И мы охотно вернулись в послевоенный Мензелинск, к балаганам в осенних огородах, к сабантуям в Буранском лесу, к Пугачевскому валу с возбуждающими мальчишескую душу находками: ржавый обломок сабли, ядро, ржавая же рукоять пистолета…
Вот так и рассеялось сгустившееся было желание поговорить об унынии, исходящем от наших городов, построенных с младенческой, полорукой старательностью из одинаковых кубиков и параллелепипедов. Хотя вряд ли бы у меня хватило жара (Николай-то приемлет новый город всей душой) ломиться в открытую дверь. Лет десять уже, а то и более слышатся укоряющие и обличающие голоса: остановись, сгинь, архитектурная безликость, ты уродуешь не только землю, но и душу человека, живущего на ней, — однако, сколь ни справедлив гнев и сколь ни гласен, безликость затопляет все новые и новые пространства, и, однажды перелетев из Братска в Набережные Челны и найдя, что проспект Мусы Джалиля продолжает какой-нибудь проспект Энергетиков, только расхохочешься этак растерянно-нервически: «Ну молодцы! Ну молодцы! Их гвоздят, а им все хоть бы хны!» — подразумевая под «молодцами» работников мастерских энского гипрогора. Теперешние города возникают, так сказать, не под дланью новоявленных казаковых и федоров коней, а под номером той или иной мастерской: не с кого спрашивать и некого ругать. Предположим, на какой-то миг стал бы я обладателем дьяконского баса, чтобы, опечалившись унылой застройкой Челнов, мог выйти на камскую кручу и гневно пророкотать: «Предаю анафеме за немощь творческую коллектив архитектурной мастерской…» — но тут бы я наверняка споткнулся и умолк: нелепо браниться вообще, не имея под прицелом грешного и упрямо внимающего «раба божия».
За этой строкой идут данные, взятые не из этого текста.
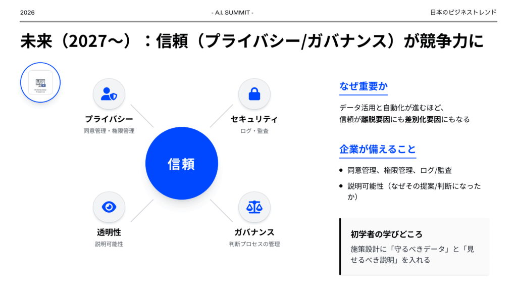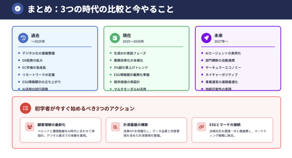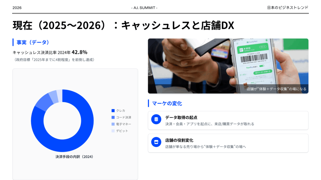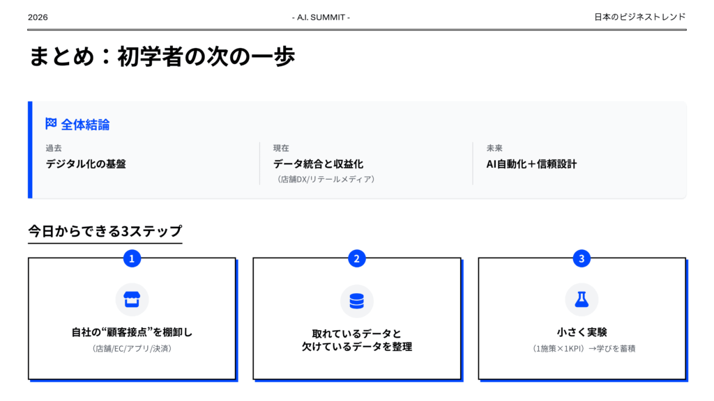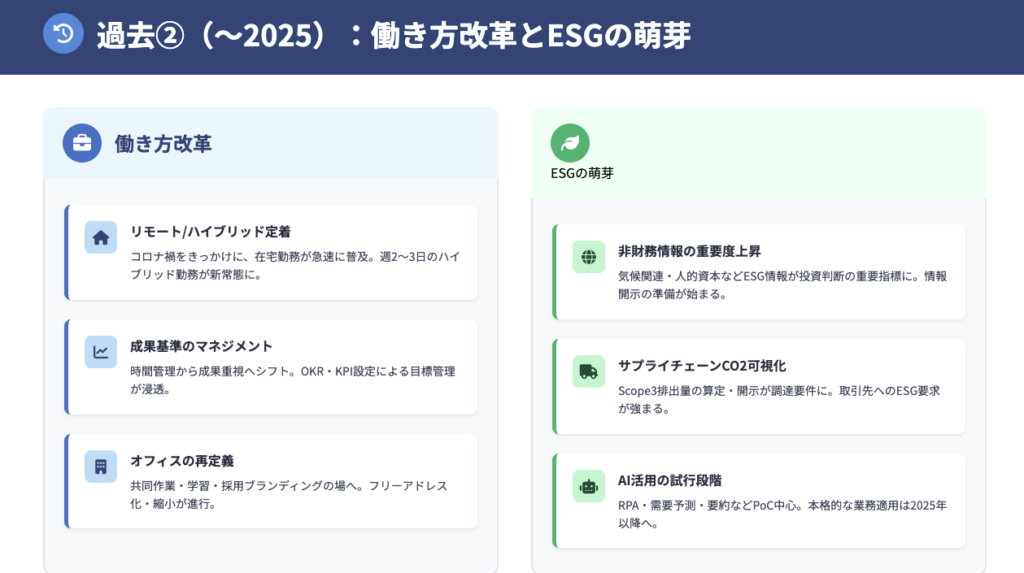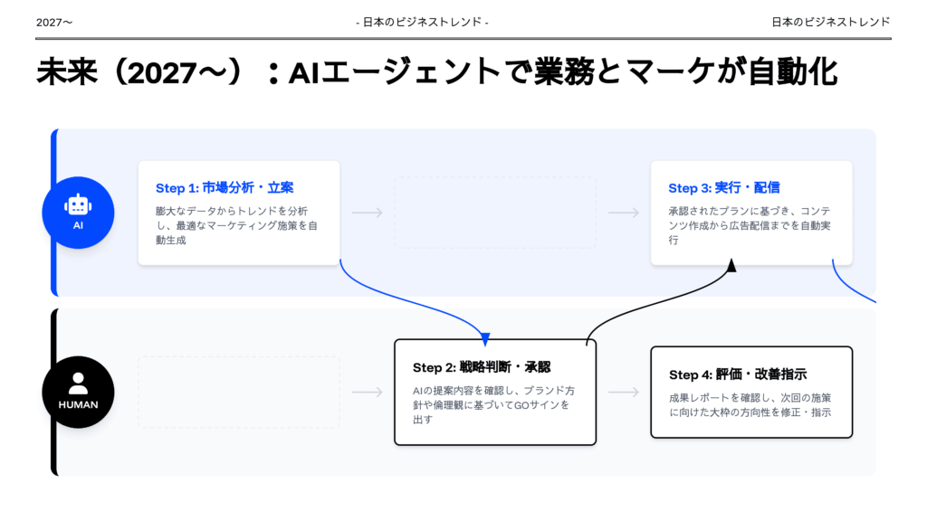 日本のビジネストレンドを過去、現在、未来の観点でまとめてください。
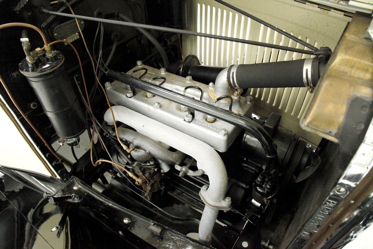 A lift of either side of the cowled hood and we see a completely restored 175.4ci L head inline 4 cylinder engine. It has a 1-barrel carburetor feeding it and a 3-speed manual transmission on the back. The rear axle is 4.30. A very nice presentation for this power plant and engine bay.

Впрочем, безвестные архитекторы могут осадить меня встречной анафемой за экономическое невежество: чем проще, незамысловатей архитектурный замысел, тем быстрее и дешевле воплотить его в дом, в квартал, в город, тем больше будет новоселов, тем больше радости и веселья — этой хоровой анафемой меня просто-таки снесет, сдует с воображаемой кручи, только и успею выкрикнуть в оправдание: «Я тоже за простоту и незамысловатость, лишь бы выражали они радостную душу соотечественника! Не кубическая же она у него, не параллелепипедная!»
Говорят, в Грузии, Узбекистане, в Прибалтике архитекторы настойчиво придают облику новых городов черты национальных характеров, как он веками отражался в камне и дереве, то есть социалистическому содержанию нашей жизни (разумеется, в него входят и понятия дешевизны, технологической простоты строительства) сообщают национальную форму. А вот на российских просторах национальный характер архитектуры почему-то не всегда проглядывает сквозь геометрию.
А славно бы однажды подплыть или подъехать к какому-нибудь современному Великому Устюгу или Суздалю, и открылись бы на высоком берегу или на холмах средь чиста поля некие белокаменные строения: библиотеки ли, театры ли, музеи, перенявшие от прежних храмов вознесенность и волшебную, праздничную отрешенность от житейщины, чтобы путник или гость еще издали поразился духовной щедрости города и заранее готовился бы, говоря старомодно, вкусить от щедрот сих.
И, погостив день-другой, приглядевшись к жителям, наверняка бы обнаружил, что у города свой норов, норов этот, возможно, когда-нибудь отличит поговорка или присказка, на манер тех, какие мы еще нет-нет да и вспоминаем: «Кострома — веселая сторона»; «Город Архангельский, а народ в нем диавольский»; «Тверские вприглядку с сахаром чай пьют»; «Кадуй — бока надуй»; «Во Владимире и лапшу топором крошат…»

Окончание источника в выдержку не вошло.